▶ [Task inputs]
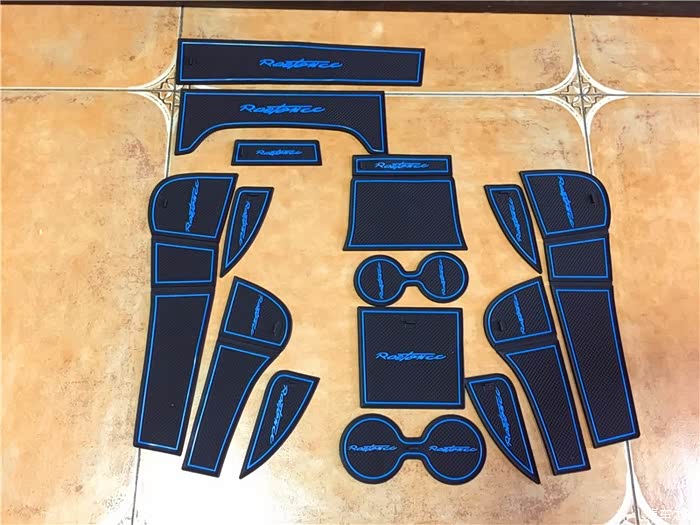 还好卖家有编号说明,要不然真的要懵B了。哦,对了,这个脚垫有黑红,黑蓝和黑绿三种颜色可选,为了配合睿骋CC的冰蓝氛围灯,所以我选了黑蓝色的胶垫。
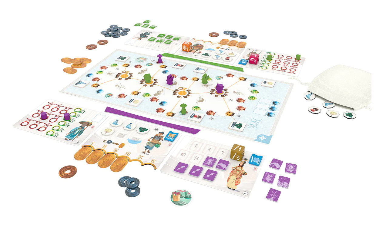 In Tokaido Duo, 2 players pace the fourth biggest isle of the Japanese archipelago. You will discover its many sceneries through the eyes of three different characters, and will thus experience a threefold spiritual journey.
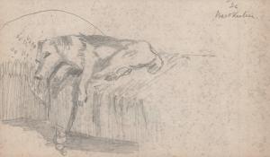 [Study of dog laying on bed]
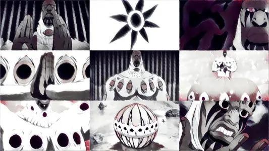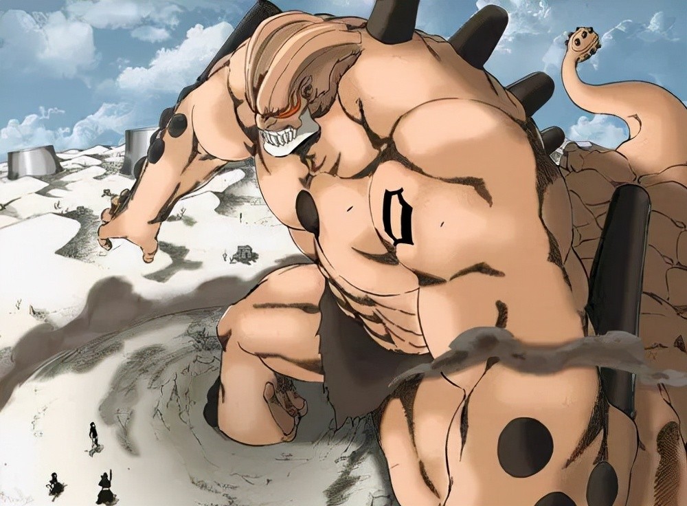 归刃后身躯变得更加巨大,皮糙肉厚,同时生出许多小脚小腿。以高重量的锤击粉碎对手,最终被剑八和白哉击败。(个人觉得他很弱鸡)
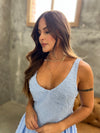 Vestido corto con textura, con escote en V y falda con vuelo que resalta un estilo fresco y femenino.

▶ [About this task] Return the records above exactly as written, but without any of the pictures.

▶ [Exercise response]
 还好卖家有编号说明,要不然真的要懵B了。哦,对了,这个脚垫有黑红,黑蓝和黑绿三种颜色可选,为了配合睿骋CC的冰蓝氛围灯,所以我选了黑蓝色的胶垫。
 In Tokaido Duo, 2 players pace the fourth biggest isle of the Japanese archipelago. You will discover its many sceneries through the eyes of three different characters, and will thus experience a threefold spiritual journey.
 [Study of dog laying on bed]
 归刃后身躯变得更加巨大,皮糙肉厚,同时生出许多小脚小腿。以高重量的锤击粉碎对手,最终被剑八和白哉击败。(个人觉得他很弱鸡)
 Vestido corto con textura, con escote en V y falda con vuelo que resalta un estilo fresco y femenino.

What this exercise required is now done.